Lief in the Wind
The nomadic life led Norway’s Lief Sorbye to Celtic rock in California.
Thursday, November 18, 2010
Lief Sorbye left his Oslo, Norway home for the United States in the early ’80s when he was 21 years old. He traveled around the continent as a street performer earning money through donations people dropped in a hat.
“I was already doing it all over Europe,” Sorbye says. “I heard America was a pretty big country and I wouldn’t run out of places to play.”
Sorbye says he caught the music bug at an early age after picking up a Bob Dylan songbook and taking some guitar lessons.

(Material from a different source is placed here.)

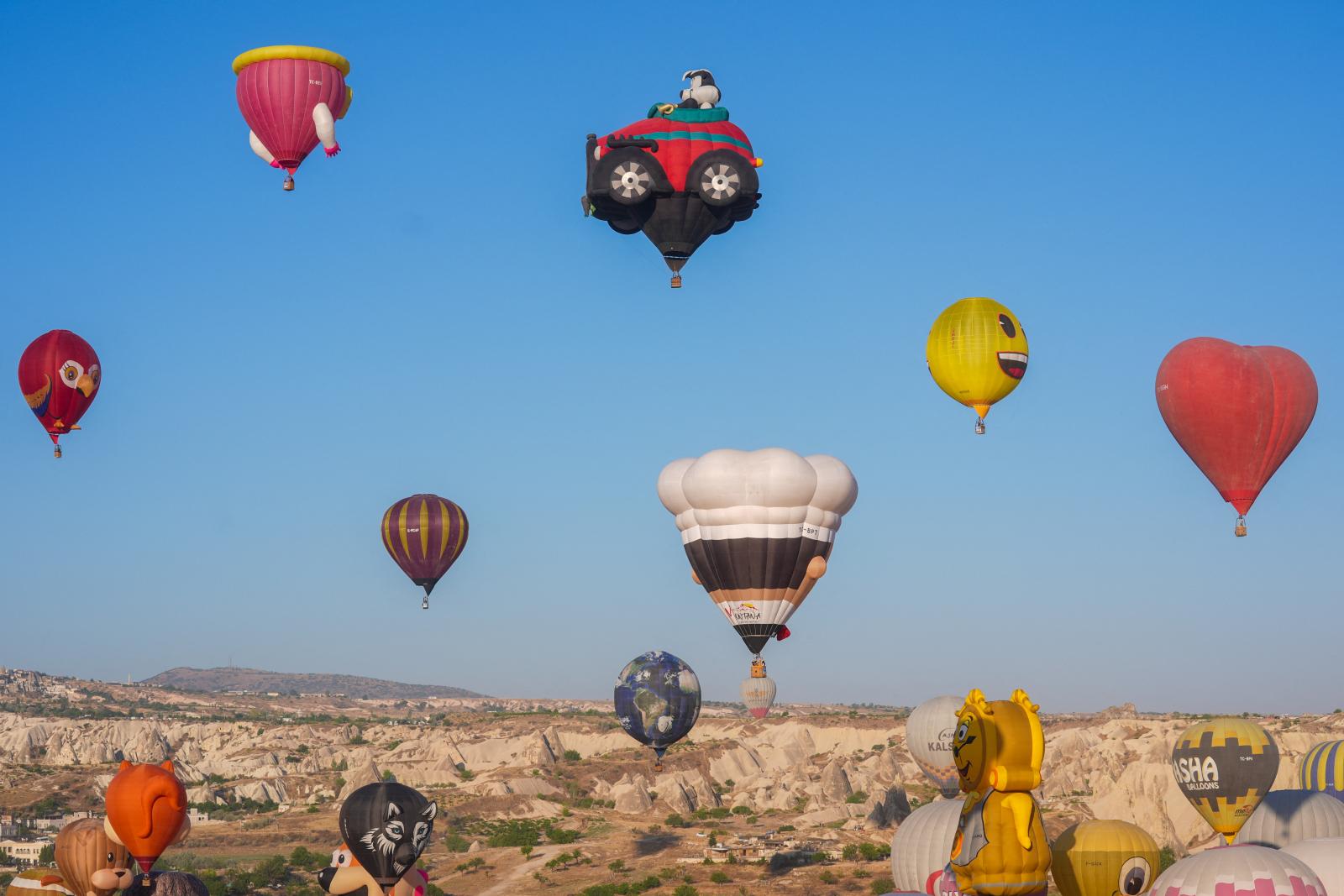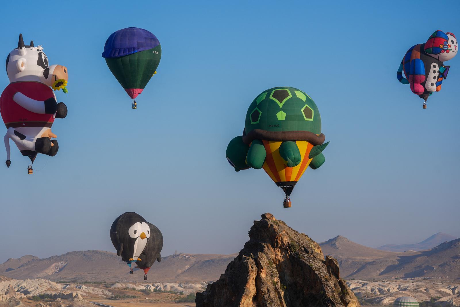 A törökországi Kappadókiában, Nevşehir tartományban négy napon át 38 különleges formájú hőlégballon emelkedett a magasba 27 különböző országból, színes forgataggá varázsolva a tündérkéményeknek nevezett sziklaalakzatok feletti égboltot.

“I found out I could play songs even though I only knew two or three chords,” he says. “That’s when I really started having fun with the instrument.”

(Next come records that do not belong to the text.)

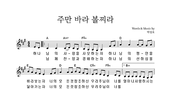 | 주만 바라볼지라 | 성가 2부 + 피아노 반주 |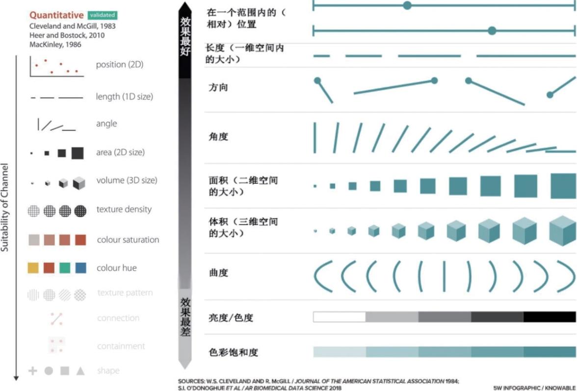 根据前面的内容,我们了解到,构成可视化作品核心部分的底层逻辑主要是五个不同维度的视觉暗示,每一类视觉暗示都很重要,并且是大部分可视化作品中的重要因素。这时你可能会问:“到底哪类视觉暗示最好用、最万能呢?”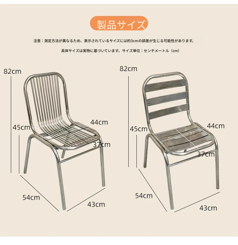 304円管型背もたれ椅子【特厚1.0】ステンレス色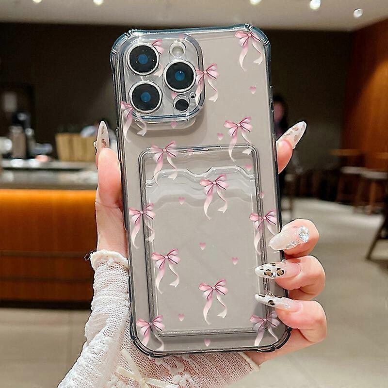 For iPhone 16 17 Pro Max 15 14 13 12 11 Wallet Card Holder Bow Soft Case Cover

Fast forward to 1988: The Scandinavian settled in the Bay Area, where he formed Tempest, the group set to headline A Celtic Winter’s Eve in Pacific Grove on Friday. The quintet looks like a heavy metal band from the ’80s wearing hairstyles that haven’t changed much over the past 22 years.
“[Tempest] was formed and shaped out of years of experience with traditional Celtic music and my rock roots,” he says. “[Celtic] music is melodically and rhythmically uplifting and very similar to Norwegian music.”
Though they label themselves as a “Celtic rock” band, Sorbye explains that elements of several types of music help mold the band’s sound. Tempest’s 15th LP Another Dawn – inspired by the 2008 election of President Obama – features everything from a traditional Norwegian ballad to “Never Tire of the Road,” a traveling tune about Woody Guthrie, laced with fiddle and pedal-steel.
“It’s easier to call something Celtic rock because people know what Celtic is and they know what rock is,” he says.
Life hasn’t really changed much for the Norwegian since his early days as a road-tripping troubadour: Most of the year, Tempest spends its time out on that old and familiar road. Playing in front of people is still, and will probably always be, a labor of love for Sorbye.
“That’s where the magic happens,” he says. “It’s the ultimate experience.”